▸ Your instructions
An exact copy is needed of the lines from the one that contains "Wasserschlauch, Winschen |" through the final line of the data below, with pictures left out.

▸ Data extract
+++

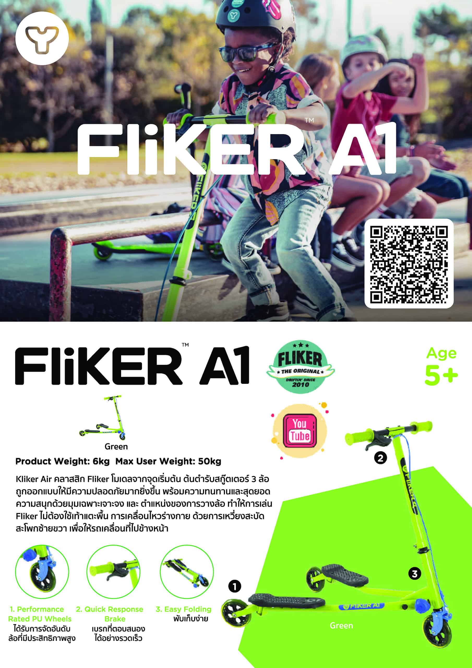 การออกแบบใหม่มาพร้อมกับเบรกที่ตอบสนองอย่างรวดเร็วเพื่อการควบคุมสูงสุด แผ่นรองเท้าที่ ได้รับการปรับปรุง เพื่อปลดล็อกศักยภาพในการดริฟท์ที่มากยิ่งขึ้น และล้อ PU ที่ออกแบบมาเพื่อให้แน่ใจว่า Y Fliker สามารถทนต่อการใช้งาน
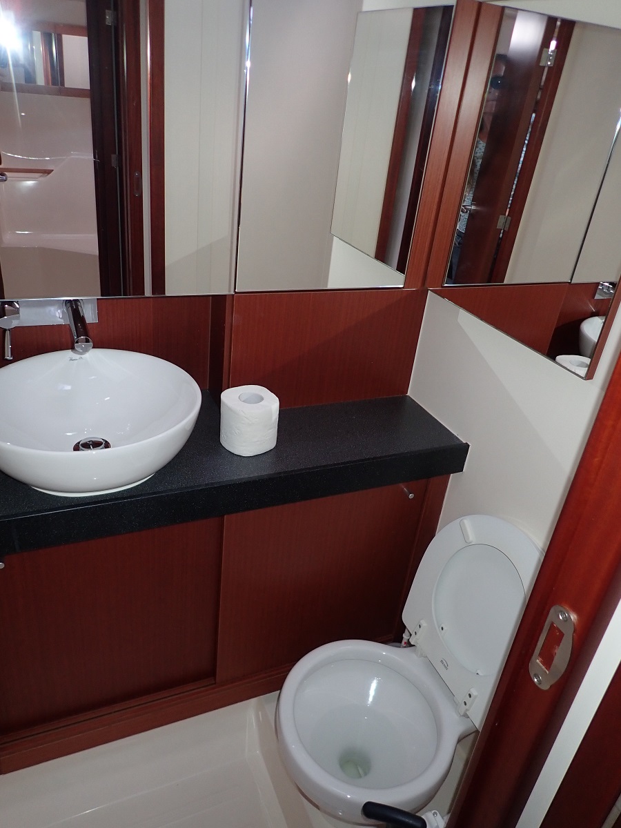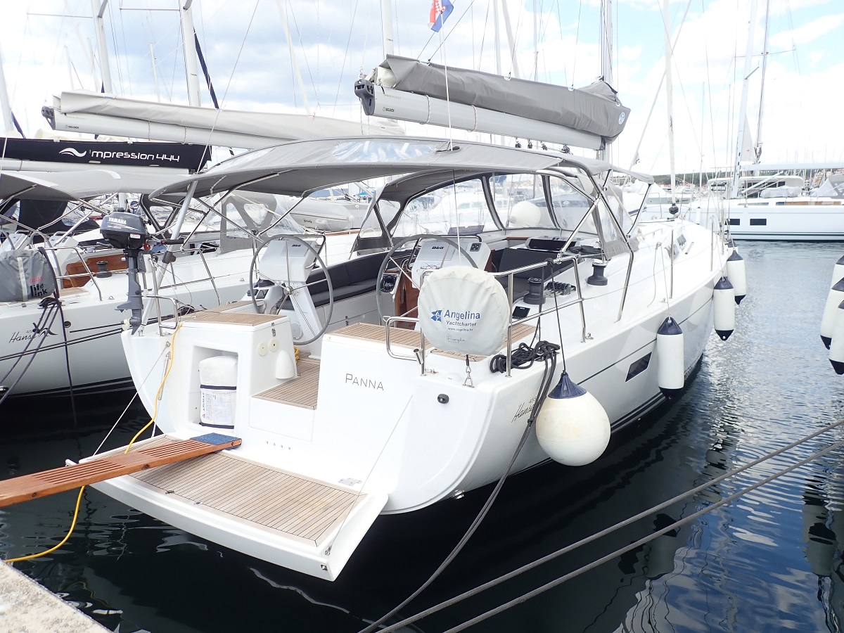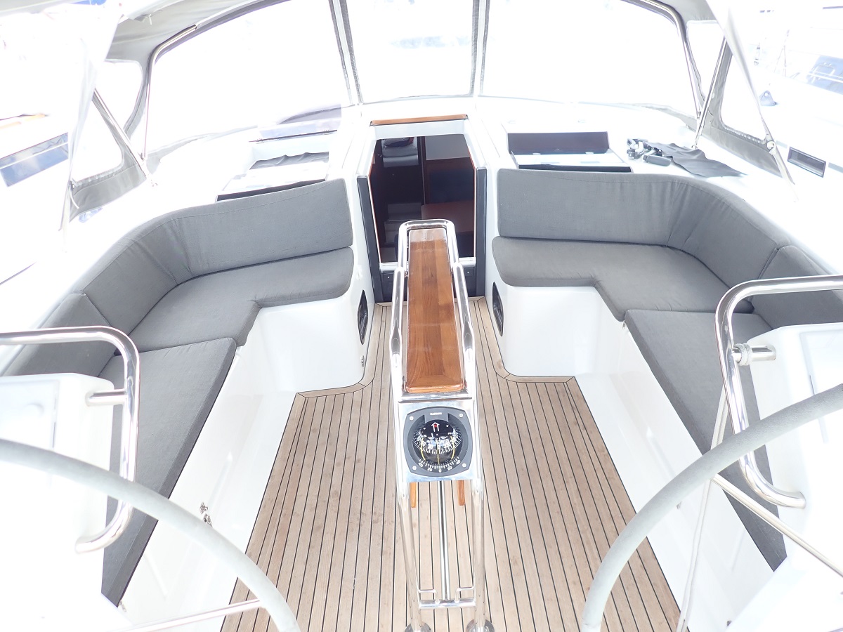 | Outside | 220 V-Landanschluss, Anker mit Kette, Badeplattform, Biminitop, Bootshaken, Cockpitdusche, Cockpitlautsprecher, Cockpitpolster, Cockpittisch, Delta-Anker, elektr. Ankerwinsch, Fender, Festmacherleinen, Gangway, Sprayhood, Teak im Cockpit, Wasserschlauch, Winschen |
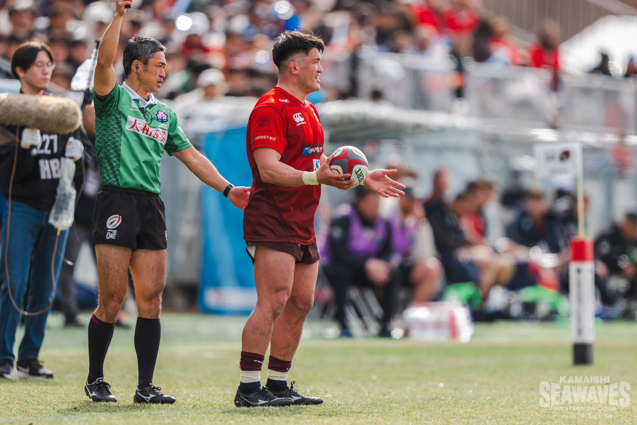 釜石SWもすぐに反撃を試み、相手の反則を誘って相手陣でラインアウトを獲得。左サイドへ展開してチャンスを作りかけますが、スローフォワードの判定を受けて攻撃が途切れました。

+++

▸ Solution for this exercise
 | Outside | 220 V-Landanschluss, Anker mit Kette, Badeplattform, Biminitop, Bootshaken, Cockpitdusche, Cockpitlautsprecher, Cockpitpolster, Cockpittisch, Delta-Anker, elektr. Ankerwinsch, Fender, Festmacherleinen, Gangway, Sprayhood, Teak im Cockpit, Wasserschlauch, Winschen |
 釜石SWもすぐに反撃を試み、相手の反則を誘って相手陣でラインアウトを獲得。左サイドへ展開してチャンスを作りかけますが、スローフォワードの判定を受けて攻撃が途切れました。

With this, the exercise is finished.